Records contained in a dataset
|---|

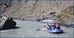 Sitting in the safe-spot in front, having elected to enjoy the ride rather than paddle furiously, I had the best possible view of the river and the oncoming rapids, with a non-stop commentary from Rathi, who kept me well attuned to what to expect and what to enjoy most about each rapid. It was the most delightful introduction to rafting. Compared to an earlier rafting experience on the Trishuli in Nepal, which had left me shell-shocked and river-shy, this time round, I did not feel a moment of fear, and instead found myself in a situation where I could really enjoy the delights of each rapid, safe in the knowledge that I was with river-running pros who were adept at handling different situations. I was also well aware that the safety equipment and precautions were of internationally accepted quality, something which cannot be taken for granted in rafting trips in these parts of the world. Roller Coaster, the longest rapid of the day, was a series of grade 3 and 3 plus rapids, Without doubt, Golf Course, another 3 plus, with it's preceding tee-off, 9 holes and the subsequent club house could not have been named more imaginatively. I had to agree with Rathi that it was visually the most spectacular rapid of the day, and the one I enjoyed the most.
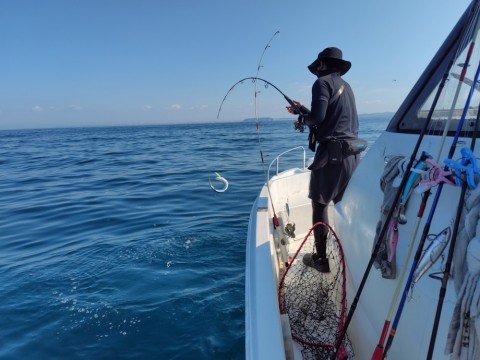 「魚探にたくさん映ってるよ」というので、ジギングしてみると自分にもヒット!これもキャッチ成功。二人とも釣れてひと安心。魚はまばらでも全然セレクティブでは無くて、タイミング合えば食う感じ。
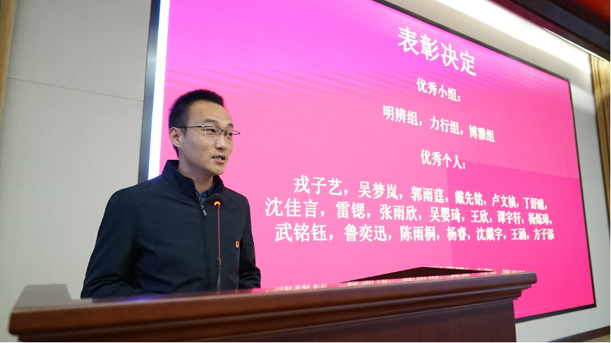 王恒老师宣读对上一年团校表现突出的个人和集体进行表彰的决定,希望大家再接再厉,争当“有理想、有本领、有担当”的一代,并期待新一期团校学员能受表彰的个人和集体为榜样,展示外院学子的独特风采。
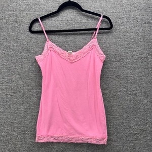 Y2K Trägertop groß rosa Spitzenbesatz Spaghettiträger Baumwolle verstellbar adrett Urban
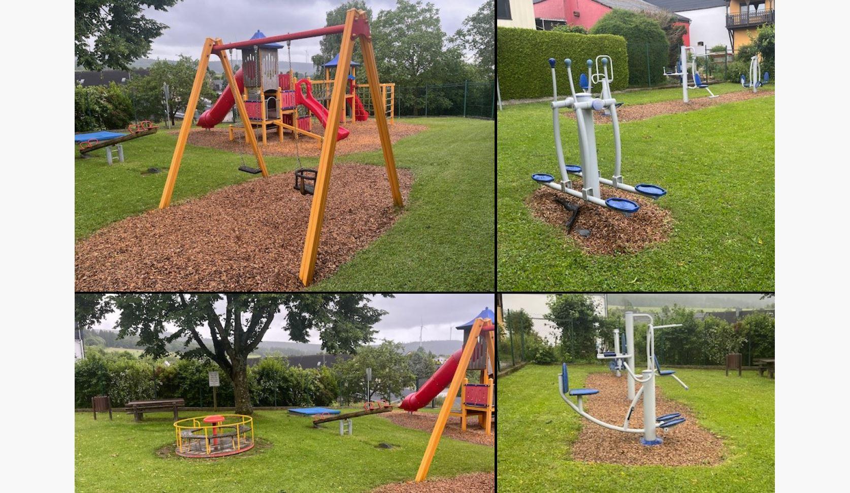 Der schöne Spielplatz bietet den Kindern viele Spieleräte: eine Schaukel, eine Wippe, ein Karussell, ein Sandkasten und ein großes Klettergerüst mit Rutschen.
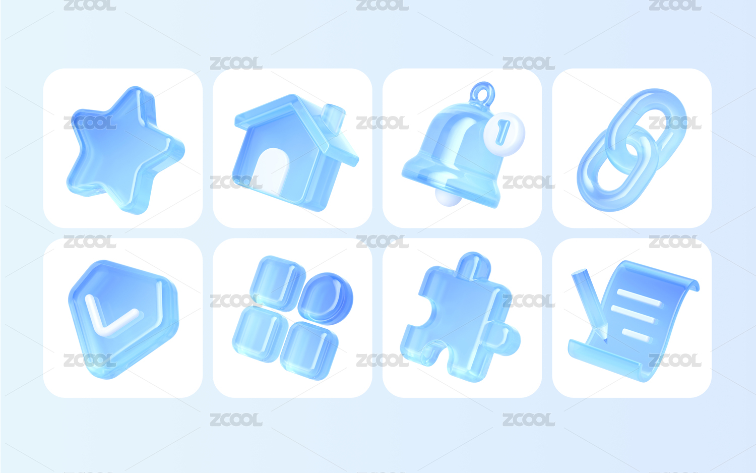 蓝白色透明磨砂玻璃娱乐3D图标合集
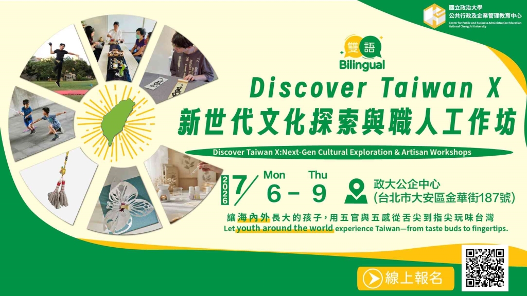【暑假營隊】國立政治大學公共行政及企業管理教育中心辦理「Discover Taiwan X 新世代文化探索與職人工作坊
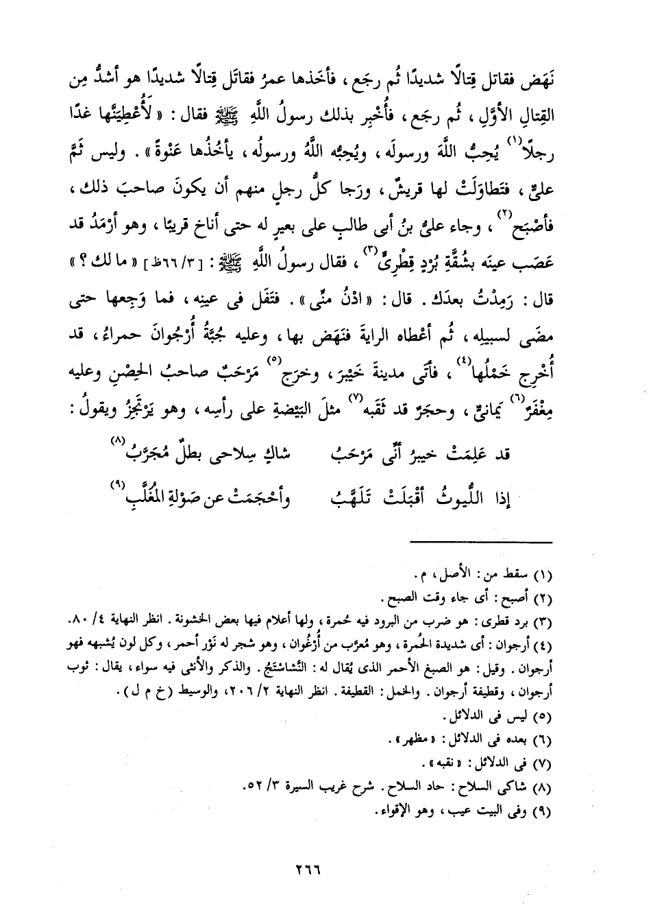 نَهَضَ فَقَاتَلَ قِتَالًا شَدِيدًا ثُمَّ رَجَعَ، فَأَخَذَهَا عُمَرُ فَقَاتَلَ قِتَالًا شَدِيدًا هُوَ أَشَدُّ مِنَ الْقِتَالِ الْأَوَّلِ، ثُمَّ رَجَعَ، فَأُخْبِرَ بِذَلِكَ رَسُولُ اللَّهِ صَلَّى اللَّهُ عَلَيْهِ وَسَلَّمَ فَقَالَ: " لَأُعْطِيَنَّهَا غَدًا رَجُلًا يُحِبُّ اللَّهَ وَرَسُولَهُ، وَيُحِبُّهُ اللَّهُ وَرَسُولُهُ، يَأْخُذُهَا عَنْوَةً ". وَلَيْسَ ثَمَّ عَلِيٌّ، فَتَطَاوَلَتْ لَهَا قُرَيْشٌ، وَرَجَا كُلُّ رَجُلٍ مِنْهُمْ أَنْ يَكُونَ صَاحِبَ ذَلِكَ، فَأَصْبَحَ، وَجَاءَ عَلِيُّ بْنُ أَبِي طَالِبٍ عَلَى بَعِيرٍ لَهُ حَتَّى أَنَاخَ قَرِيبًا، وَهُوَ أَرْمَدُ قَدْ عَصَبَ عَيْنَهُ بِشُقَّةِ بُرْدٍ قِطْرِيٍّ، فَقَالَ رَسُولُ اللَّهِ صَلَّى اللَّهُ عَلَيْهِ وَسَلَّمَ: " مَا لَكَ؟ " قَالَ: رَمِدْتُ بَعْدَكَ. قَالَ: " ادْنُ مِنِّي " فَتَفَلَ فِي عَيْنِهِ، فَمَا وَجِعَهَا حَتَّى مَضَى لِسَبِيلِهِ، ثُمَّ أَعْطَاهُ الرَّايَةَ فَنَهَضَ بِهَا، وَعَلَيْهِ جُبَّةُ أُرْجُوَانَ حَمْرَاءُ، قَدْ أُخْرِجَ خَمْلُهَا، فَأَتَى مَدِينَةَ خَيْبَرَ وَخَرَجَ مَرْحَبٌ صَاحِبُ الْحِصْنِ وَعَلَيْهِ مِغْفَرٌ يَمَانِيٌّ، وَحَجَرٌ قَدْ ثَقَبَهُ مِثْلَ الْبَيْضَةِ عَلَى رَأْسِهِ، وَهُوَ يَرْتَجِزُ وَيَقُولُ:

|---|

● **What you have to do**
Only the lines from the one containing "王恒老师宣读对上一年团校表现" through the end of the records are wanted, set down exactly and without their pictures.

● **Problem solution**
 王恒老师宣读对上一年团校表现突出的个人和集体进行表彰的决定,希望大家再接再厉,争当“有理想、有本领、有担当”的一代,并期待新一期团校学员能受表彰的个人和集体为榜样,展示外院学子的独特风采。
 Y2K Trägertop groß rosa Spitzenbesatz Spaghettiträger Baumwolle verstellbar adrett Urban
 Der schöne Spielplatz bietet den Kindern viele Spieleräte: eine Schaukel, eine Wippe, ein Karussell, ein Sandkasten und ein großes Klettergerüst mit Rutschen.
 蓝白色透明磨砂玻璃娱乐3D图标合集
【暑假營隊】國立政治大學公共行政及企業管理教育中心辦理「Discover Taiwan X 新世代文化探索與職人工作坊
 نَهَضَ فَقَاتَلَ قِتَالًا شَدِيدًا ثُمَّ رَجَعَ، فَأَخَذَهَا عُمَرُ فَقَاتَلَ قِتَالًا شَدِيدًا هُوَ أَشَدُّ مِنَ الْقِتَالِ الْأَوَّلِ، ثُمَّ رَجَعَ، فَأُخْبِرَ بِذَلِكَ رَسُولُ اللَّهِ صَلَّى اللَّهُ عَلَيْهِ وَسَلَّمَ فَقَالَ: " لَأُعْطِيَنَّهَا غَدًا رَجُلًا يُحِبُّ اللَّهَ وَرَسُولَهُ، وَيُحِبُّهُ اللَّهُ وَرَسُولُهُ، يَأْخُذُهَا عَنْوَةً ". وَلَيْسَ ثَمَّ عَلِيٌّ، فَتَطَاوَلَتْ لَهَا قُرَيْشٌ، وَرَجَا كُلُّ رَجُلٍ مِنْهُمْ أَنْ يَكُونَ صَاحِبَ ذَلِكَ، فَأَصْبَحَ، وَجَاءَ عَلِيُّ بْنُ أَبِي طَالِبٍ عَلَى بَعِيرٍ لَهُ حَتَّى أَنَاخَ قَرِيبًا، وَهُوَ أَرْمَدُ قَدْ عَصَبَ عَيْنَهُ بِشُقَّةِ بُرْدٍ قِطْرِيٍّ، فَقَالَ رَسُولُ اللَّهِ صَلَّى اللَّهُ عَلَيْهِ وَسَلَّمَ: " مَا لَكَ؟ " قَالَ: رَمِدْتُ بَعْدَكَ. قَالَ: " ادْنُ مِنِّي " فَتَفَلَ فِي عَيْنِهِ، فَمَا وَجِعَهَا حَتَّى مَضَى لِسَبِيلِهِ، ثُمَّ أَعْطَاهُ الرَّايَةَ فَنَهَضَ بِهَا، وَعَلَيْهِ جُبَّةُ أُرْجُوَانَ حَمْرَاءُ، قَدْ أُخْرِجَ خَمْلُهَا، فَأَتَى مَدِينَةَ خَيْبَرَ وَخَرَجَ مَرْحَبٌ صَاحِبُ الْحِصْنِ وَعَلَيْهِ مِغْفَرٌ يَمَانِيٌّ، وَحَجَرٌ قَدْ ثَقَبَهُ مِثْلَ الْبَيْضَةِ عَلَى رَأْسِهِ، وَهُوَ يَرْتَجِزُ وَيَقُولُ:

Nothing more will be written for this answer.